• **Task description**
The pictures stay out; all of the data is to be printed exactly.

• **Information shown**

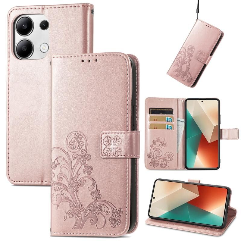 Για Xiaomi Redmi Note 13 4G τετράφυλλο κούμπωμα ανάγλυφη δερμάτινη θήκη τηλεφώνου (Rose Gold)
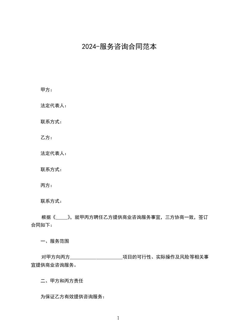 根据《_____》,就甲丙方聘任乙方提供商业咨询服务事宜,三方协商一致,签订合同如下:
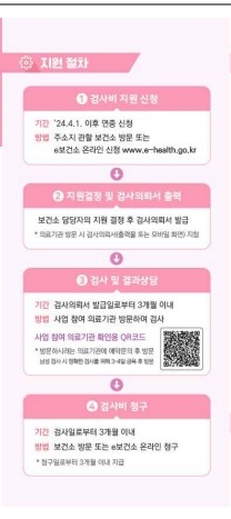 난임 및 질환 소견으로 건강보험 적용되는 급여 검사 시, 검사의뢰서 발급한 이후, 실시한 검사라면 지원 가능.
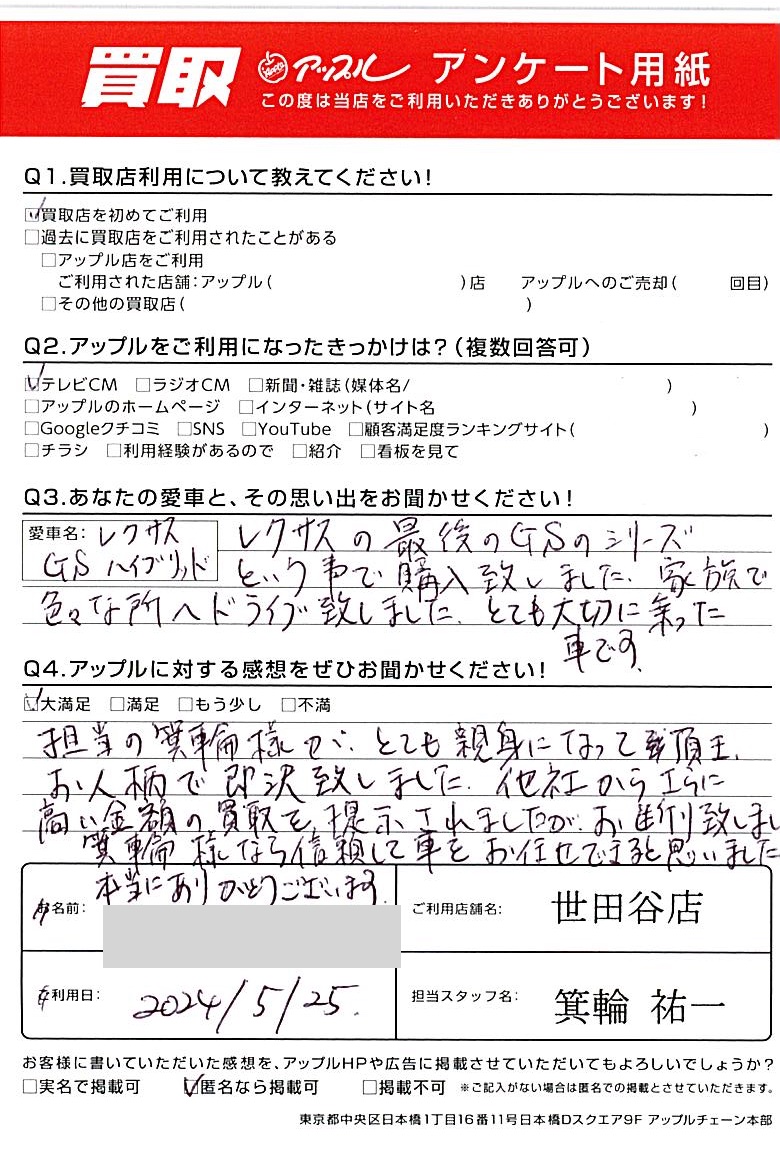 東京都文京区 アンケート用紙より I様 車名:レクサス GSハイブリッド (国内仕様 右H)

• **Result of the exercise**
 Για Xiaomi Redmi Note 13 4G τετράφυλλο κούμπωμα ανάγλυφη δερμάτινη θήκη τηλεφώνου (Rose Gold)
 根据《_____》,就甲丙方聘任乙方提供商业咨询服务事宜,三方协商一致,签订合同如下:
 난임 및 질환 소견으로 건강보험 적용되는 급여 검사 시, 검사의뢰서 발급한 이후, 실시한 검사라면 지원 가능.
 東京都文京区 アンケート用紙より I様 車名:レクサス GSハイブリッド (国内仕様 右H)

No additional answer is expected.